Beste allemaal,
De oversteek van Lembongan van Nusa Penida duurt 20 minuten. Het kleine motorjacht meert aan op het strand en we waden met onze bagage door de branding.
Ons hotel La Roja Bungalows ligt langs de kustweg zo’n 5 km verderop. Klein, gezellig, basic. Uitbater Daniel maakt ons wegwijs en regelt een scooter. We zullen 2 dagen rondcruisen op dit prachtige eiland.
Nusa Penida heeft nog iets ongerept. Wanneer we van het ene highlight naar het andere rijden passeren we kleine dorpjes die we, moesten we meer tijd hebben, graag beter zouden leren kennen. De highlights waar we wel tijd voor maakten zijn effectief de moeite, maar zijn jammer genoeg ook aantrekkingspolen voor eiland-hoppende dagjestoeristen die vooral op zoek zijn naar goede Instagram-foto’s.
We houden halt bij Diamond Beach, een stralend wit strandje met azuur blauw water beneden aan een klif van wel 50 meter hoog.
(Een Chinees bedrijf begint met de bouw van een lift om de horden Chinese toeristen de steile trappen te besparen …)
Kelingking Beach en Broken Beach zijn al net zo paradijselijk en bezienswaardig, maar ook te druk in vergelijking met het binnenland dat ons na elke bocht van de weg die het eiland doorkronkelt telkens weer “ah” momenten oproept.
Bij Chrystal Bay rusten we een half uurtje op het mooie strand en neem ik een duik in de toch wel onstuimige branding.
Diner hadden we in Secret Penida met heerlijke tonijn en fantastisch zicht op zee.

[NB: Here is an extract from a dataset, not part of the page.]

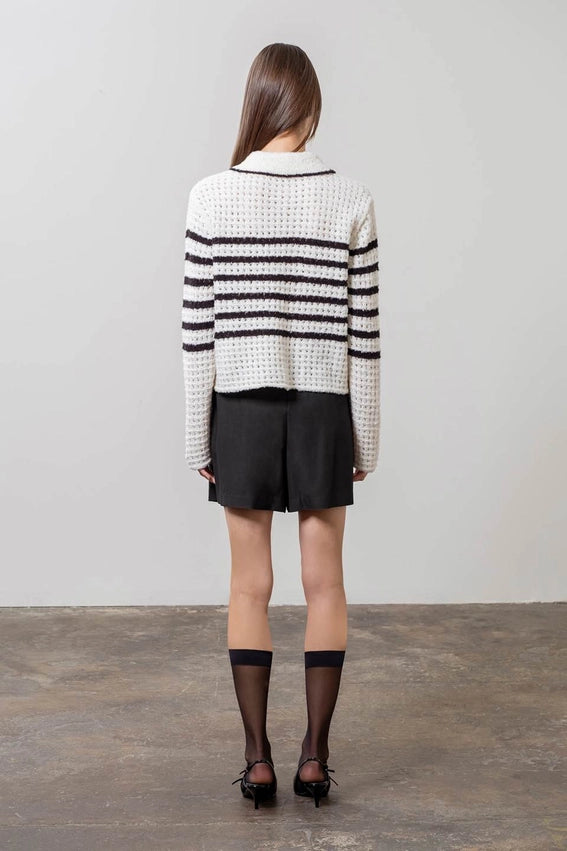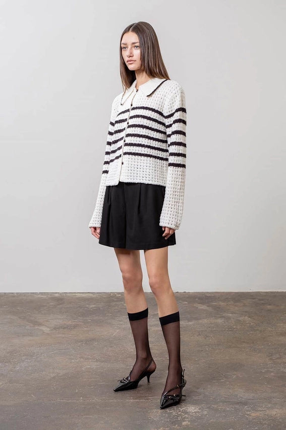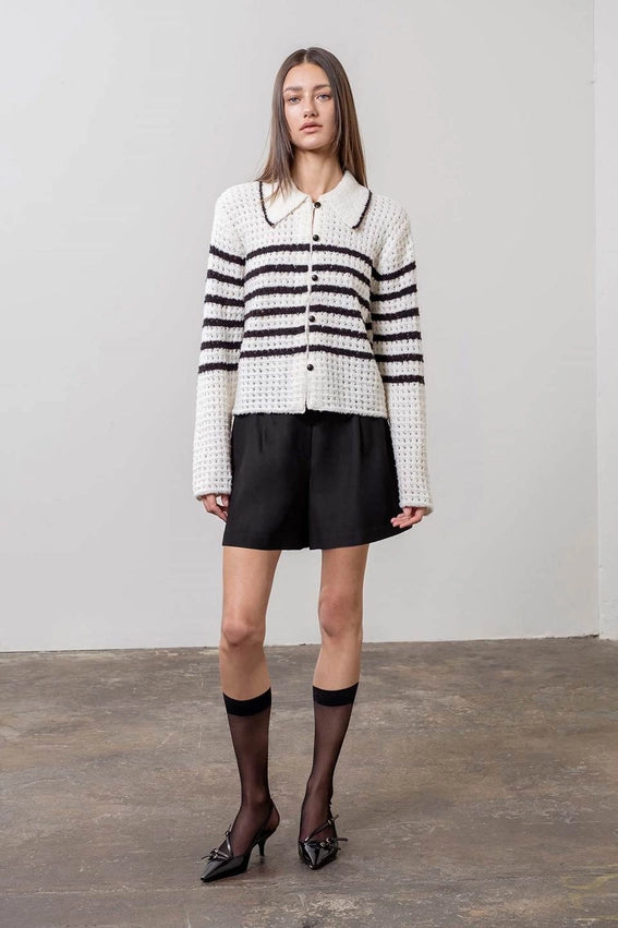 Expertly crafted from 100% polyester, our Striped Collared Button Down Crochet Knit Cardigan is a must-have for any fashion-forward wardrobe. This versatile piece features a stylish collared neckline, classic button-down closure, and chic stripe pattern. The crochet knit adds texture and dimension to the cardigan, making it perfect for any occasion. With its long sleeves and lightweight feel, it's the perfect addition to any outfit.

Gelukkig had ik op voorhand gereserveerd, we kregen een knus waterfront tafeltje, quasi met de voeten in het water. De tweede avond waren we bij Coco Penida, eigenlijk net zo lekker en mooi, maar jammer genoeg een beetje verstoord door een grote groep te luidruchtige Chinese toeristen.
Vooraleer dit mooie eiland achter ons te laten zie ik nog kans om mee te gaan op een snorkel excursie. De boot zit vol jonge en onwennige Fransen en Chinezen die blijkbaar nog nooit eerder snorkelden. Men mag me niet kwalijk nemen dat ik een beetje gniffelend toekeek. De grappigste was een dikke chinees die bij het aantrekken van zijn zwemvliezen uitgleed en pardoes achterover overboord viel.

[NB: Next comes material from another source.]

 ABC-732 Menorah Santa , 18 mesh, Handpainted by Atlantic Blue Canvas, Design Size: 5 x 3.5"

De beloofde Manta reuzenroggen kregen we niet te zien. Jammer. Het immense koraalrif is wel prachtig. We zien een duizenden visjes in alle mogelijke kleuren, een school grote dolfijnen en twee reuzenschildpadden. Een mooie afsluiter.

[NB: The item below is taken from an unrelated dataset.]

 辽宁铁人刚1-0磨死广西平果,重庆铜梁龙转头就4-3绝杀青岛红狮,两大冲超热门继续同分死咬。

Onze laatste drie dagen zijn we in Ubud, een bekende spot te midden van prachtige rijstvelden in het binnenland van Bali.
We gunden ons wat extra luxe en boekten drie nachten in het Anandadara Hotel. Het is een voltreffer.
Ook hier huurden we direct een scooter. Die heb je hier echt nodig en voor de prijs moet je het niet laten. (gemiddeld 7 €/dag)
We bezoeken Tegallalang, een bekende trekpleister die bestaat uit een reeks valleien met de mooiste rijstveldterrassen, zo’n half uur van ons hotel. De eerste vallei is weliswaar héél mooi, maar is getransformeerd in één groot pretpark met fonteintjes, schommels en death-rides, Niets voor ons. Gelukkig kan je die drukte gemakkelijk achter je laten door afwisselend steil bergop- en bergaf door te trekken naar de achterliggende valleien. We klimmen en lopen ons in het zweet maar genieten van de prachtige uitzichten. Op het keerpunt kopen we bier bij een stalletje en laten ons fotograferen door een vriendelijke rijstboer.
Onze eerste dag in Ubud kan niet meer stuk.